The length of the insertion holes 151 to 158 are substantially equal to the width of the connection terminals 121 to 128, whereas the width thereof is substantially equal to the thickness of the connection terminals 121 to 128. Suspended pieces 161 to 163 which are integral parts of the outermost casing portion 140A are provided between four adjacent tab terminals 141 to 144, whereas suspended pieces 164 to 166 which are integral parts of the outermost casing portion 140A are provided between four adjacent tab terminals 145 to 148. Further, bent portions 167, 168, 169 of the outermost casing portion 140A are provided between the tab terminals 144 and 145 and at the outer sides of the tab terminals 141 and 148, respectively.

The fuse device is connected with the electrical connection box 140 thus constructed as follows. By inserting the connection terminals 121 to 128 of the fuse device into the insertion holes 151 to 158, the connection terminals 121 to 128 are guided by the insertion holes 151 to 58 so that the tab terminals 141 to 148 are inserted into the forked inserting portions 121 b to 128 b of the connection terminals 121 to 128 as shown in FIG. 12, thereby electrically connecting the connection terminals 121 to 128 and the tab terminals 141 to 148.

As described above, since the connection terminals 121 to 128 include the forked inserting portions 121 b to 128 b into which the tab terminals 141 to 148 are inserted for connection in the second embodiment, the connection terminals 121 to 128 and the tab terminals 141 to 148 can be directly connected, thereby improving a connection operability.
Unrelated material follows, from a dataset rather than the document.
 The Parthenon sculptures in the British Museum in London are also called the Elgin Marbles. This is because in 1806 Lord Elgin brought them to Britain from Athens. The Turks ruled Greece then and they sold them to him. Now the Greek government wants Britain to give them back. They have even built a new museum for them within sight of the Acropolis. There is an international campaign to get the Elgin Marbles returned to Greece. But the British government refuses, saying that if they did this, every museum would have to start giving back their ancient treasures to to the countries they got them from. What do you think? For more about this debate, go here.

At this time, since the connection terminals 121 to 128 are connected with the corresponding tab terminals 141 to 148 such that the widthwise direction thereof intersects with (is normal to) that of the tab terminals 141 to 148, the tab terminals 141 to 148 can be easily inserted into the forked inserting portions 121 to 128. Further, since the connection terminals 121 to 128 and the fuse main bodies 101, 111 having the fusing elements 102, 112 are separate members, materials suited to the purposes can be used for the fusing elements 102, 112 aimed to be fused and the connection terminals 121 to 128 aimed to be connected with the tab terminals 141 to 148. Specifically, the connection terminals 121 to 128 and the tab terminals 141 to 148 can be held satisfactorily connected over a long time by using a material such as Zn having a desired fusing characteristic for the fusing elements 102, 112 while using a material such as Cu having a high strength for the connection terminals 121 to 128. Further, since the connection terminals 121 to 128 and the fuse main bodies 101, 111 having the fusing elements 102, 112 are made firmly integral to each other by welding, the fuse device can be easily handled and can have a better connectability with the tab terminals 141 to 148.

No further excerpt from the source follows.